=== DATA FOR REVIEW ===

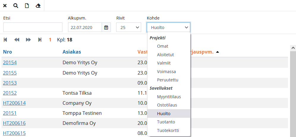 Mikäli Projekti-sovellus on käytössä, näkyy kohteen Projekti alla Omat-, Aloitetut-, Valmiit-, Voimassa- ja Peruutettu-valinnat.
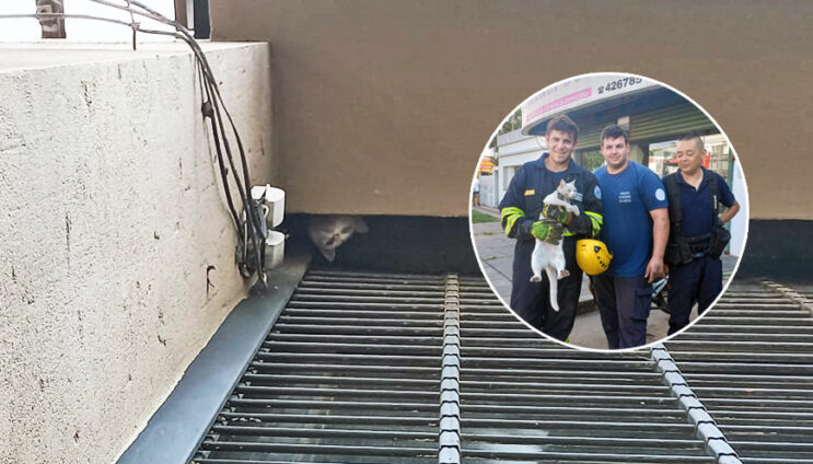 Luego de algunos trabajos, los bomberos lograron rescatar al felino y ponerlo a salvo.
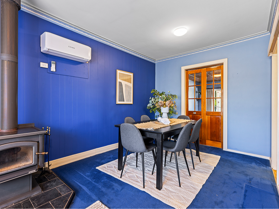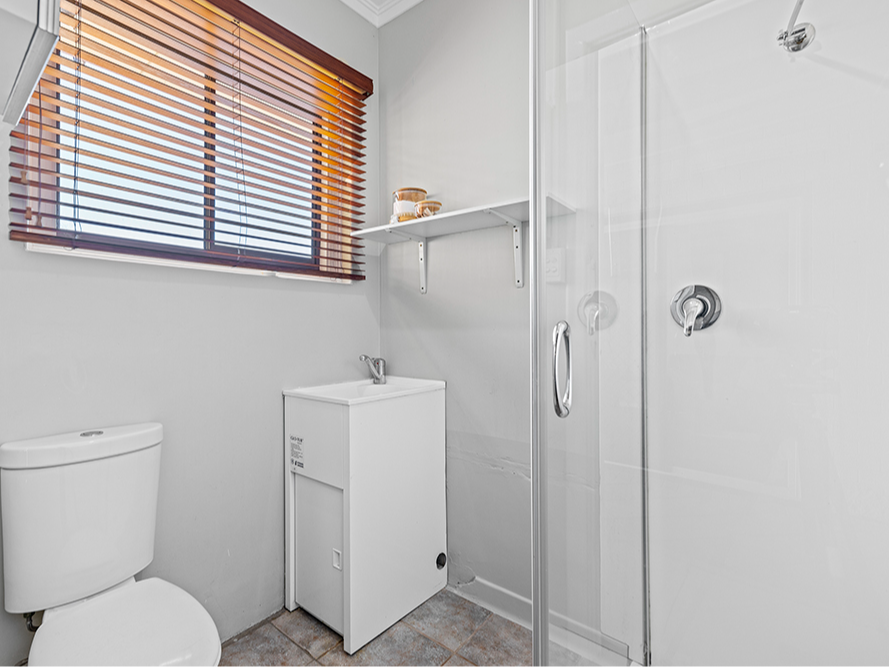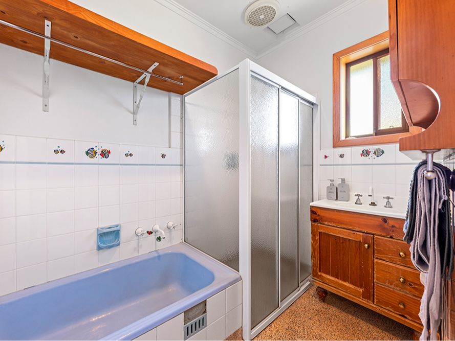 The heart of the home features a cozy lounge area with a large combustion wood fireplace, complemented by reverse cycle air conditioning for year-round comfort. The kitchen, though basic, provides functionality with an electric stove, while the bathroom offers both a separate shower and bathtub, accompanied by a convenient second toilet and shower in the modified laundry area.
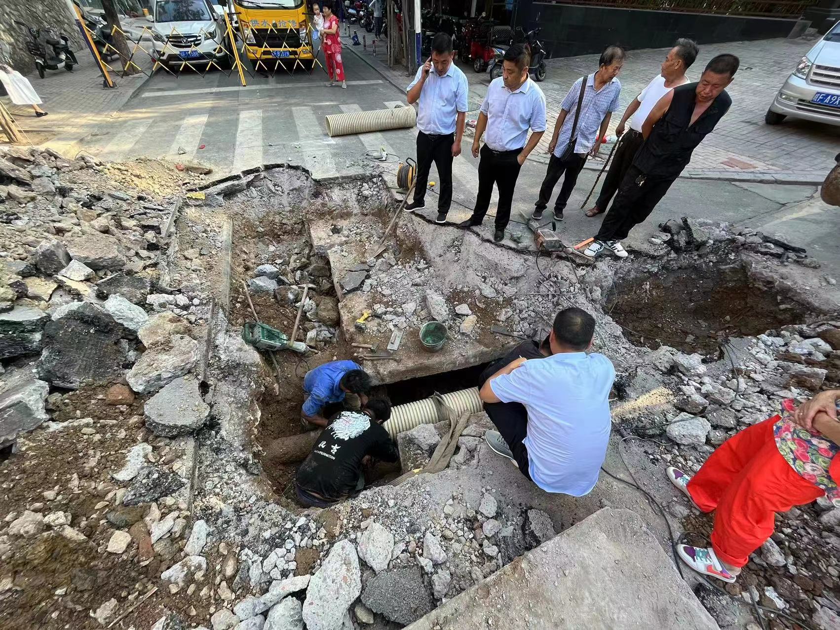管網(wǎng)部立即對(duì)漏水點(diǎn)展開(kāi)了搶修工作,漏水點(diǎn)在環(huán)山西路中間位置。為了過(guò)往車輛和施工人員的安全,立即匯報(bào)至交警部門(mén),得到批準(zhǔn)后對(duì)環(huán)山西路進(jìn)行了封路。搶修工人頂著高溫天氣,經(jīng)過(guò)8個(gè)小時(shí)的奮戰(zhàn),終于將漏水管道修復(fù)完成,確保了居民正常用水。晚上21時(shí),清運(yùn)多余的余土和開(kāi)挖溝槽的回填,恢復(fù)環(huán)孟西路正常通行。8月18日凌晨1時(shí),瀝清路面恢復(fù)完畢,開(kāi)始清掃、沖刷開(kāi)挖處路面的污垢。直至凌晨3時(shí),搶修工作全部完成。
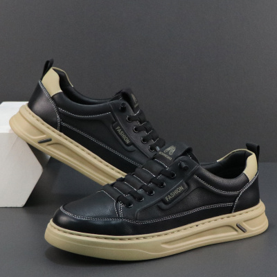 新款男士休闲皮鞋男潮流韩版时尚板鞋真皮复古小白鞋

===

[WORK ORDER]:
The whole of the data needs to be copied word for word, though not its pictures.

[ANSWER AREA]:
 Mikäli Projekti-sovellus on käytössä, näkyy kohteen Projekti alla Omat-, Aloitetut-, Valmiit-, Voimassa- ja Peruutettu-valinnat.
 Luego de algunos trabajos, los bomberos lograron rescatar al felino y ponerlo a salvo.
 The heart of the home features a cozy lounge area with a large combustion wood fireplace, complemented by reverse cycle air conditioning for year-round comfort. The kitchen, though basic, provides functionality with an electric stove, while the bathroom offers both a separate shower and bathtub, accompanied by a convenient second toilet and shower in the modified laundry area.
管網(wǎng)部立即對(duì)漏水點(diǎn)展開(kāi)了搶修工作,漏水點(diǎn)在環(huán)山西路中間位置。為了過(guò)往車輛和施工人員的安全,立即匯報(bào)至交警部門(mén),得到批準(zhǔn)后對(duì)環(huán)山西路進(jìn)行了封路。搶修工人頂著高溫天氣,經(jīng)過(guò)8個(gè)小時(shí)的奮戰(zhàn),終于將漏水管道修復(fù)完成,確保了居民正常用水。晚上21時(shí),清運(yùn)多余的余土和開(kāi)挖溝槽的回填,恢復(fù)環(huán)孟西路正常通行。8月18日凌晨1時(shí),瀝清路面恢復(fù)完畢,開(kāi)始清掃、沖刷開(kāi)挖處路面的污垢。直至凌晨3時(shí),搶修工作全部完成。
 新款男士休闲皮鞋男潮流韩版时尚板鞋真皮复古小白鞋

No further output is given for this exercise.